(Source records Opens)
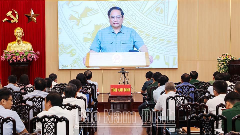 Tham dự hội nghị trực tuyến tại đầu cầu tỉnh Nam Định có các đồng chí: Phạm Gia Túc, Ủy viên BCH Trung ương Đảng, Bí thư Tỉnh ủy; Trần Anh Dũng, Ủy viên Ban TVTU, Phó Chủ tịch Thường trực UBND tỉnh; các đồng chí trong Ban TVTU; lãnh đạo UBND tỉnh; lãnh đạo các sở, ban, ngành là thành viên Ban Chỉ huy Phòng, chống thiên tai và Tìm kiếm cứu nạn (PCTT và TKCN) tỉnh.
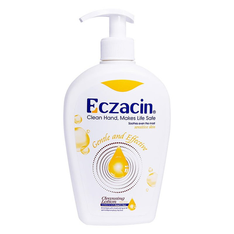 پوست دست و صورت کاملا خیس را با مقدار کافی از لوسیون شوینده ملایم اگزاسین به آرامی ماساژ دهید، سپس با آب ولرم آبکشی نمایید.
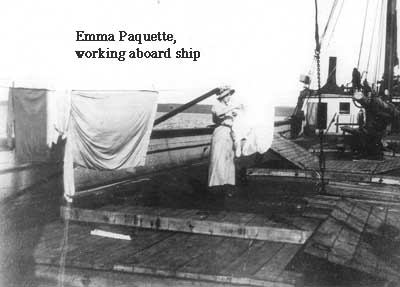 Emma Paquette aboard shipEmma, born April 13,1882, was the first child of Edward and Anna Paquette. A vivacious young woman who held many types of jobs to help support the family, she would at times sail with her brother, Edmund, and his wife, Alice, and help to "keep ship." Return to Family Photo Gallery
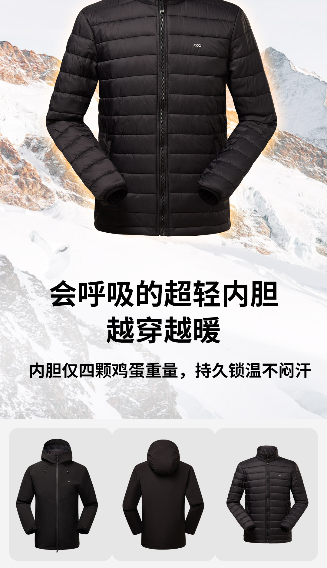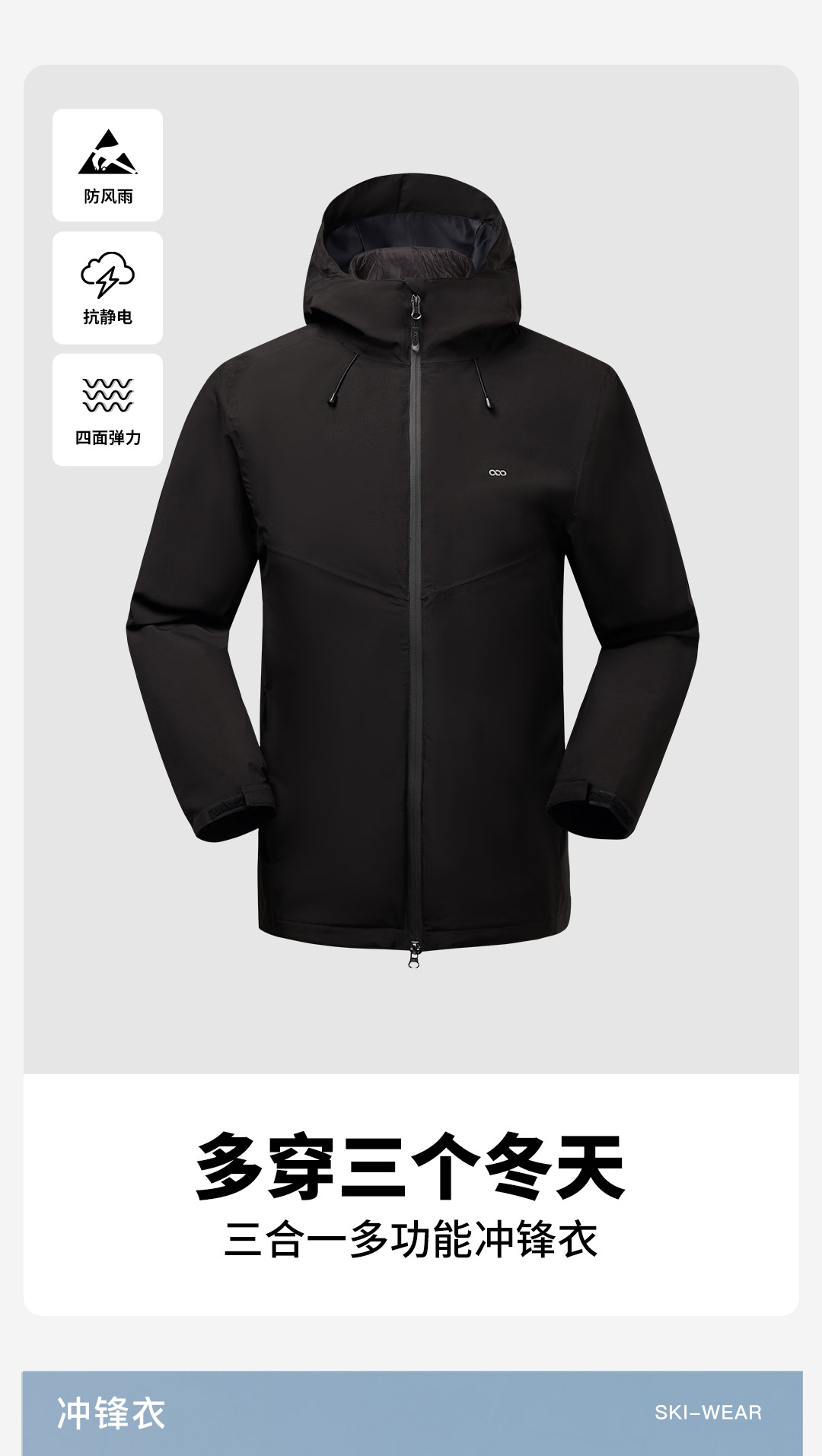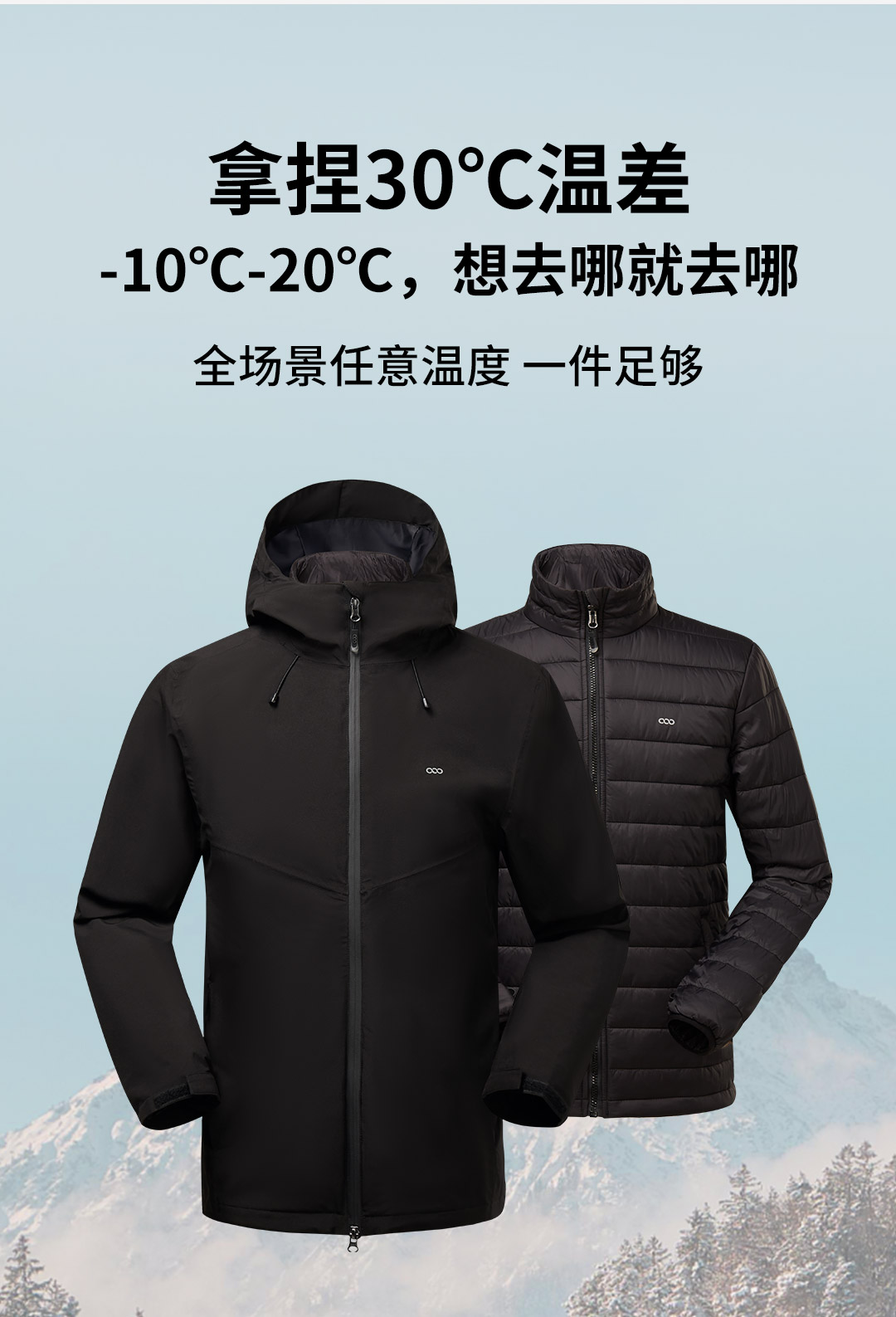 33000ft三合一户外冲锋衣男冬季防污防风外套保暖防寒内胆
(Source records Closes)
(Source records Opens)
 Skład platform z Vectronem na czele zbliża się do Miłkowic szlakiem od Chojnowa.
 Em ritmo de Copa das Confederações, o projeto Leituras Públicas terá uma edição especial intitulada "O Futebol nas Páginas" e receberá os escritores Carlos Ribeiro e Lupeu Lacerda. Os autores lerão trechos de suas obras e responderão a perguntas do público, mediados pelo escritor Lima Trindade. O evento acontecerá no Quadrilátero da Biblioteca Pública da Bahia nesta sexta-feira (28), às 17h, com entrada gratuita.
(Source records Closes)
# Instructions for the task:
Give exactly the lines above that run from the line with "Tham dự hội" to the line with "33000ft三合一户外冲锋衣男冬季防污防风外套保暖防寒内胆", both included, leaving every picture out.

# Solution for this task:
 Tham dự hội nghị trực tuyến tại đầu cầu tỉnh Nam Định có các đồng chí: Phạm Gia Túc, Ủy viên BCH Trung ương Đảng, Bí thư Tỉnh ủy; Trần Anh Dũng, Ủy viên Ban TVTU, Phó Chủ tịch Thường trực UBND tỉnh; các đồng chí trong Ban TVTU; lãnh đạo UBND tỉnh; lãnh đạo các sở, ban, ngành là thành viên Ban Chỉ huy Phòng, chống thiên tai và Tìm kiếm cứu nạn (PCTT và TKCN) tỉnh.
 پوست دست و صورت کاملا خیس را با مقدار کافی از لوسیون شوینده ملایم اگزاسین به آرامی ماساژ دهید، سپس با آب ولرم آبکشی نمایید.
 Emma Paquette aboard shipEmma, born April 13,1882, was the first child of Edward and Anna Paquette. A vivacious young woman who held many types of jobs to help support the family, she would at times sail with her brother, Edmund, and his wife, Alice, and help to "keep ship." Return to Family Photo Gallery
 33000ft三合一户外冲锋衣男冬季防污防风外套保暖防寒内胆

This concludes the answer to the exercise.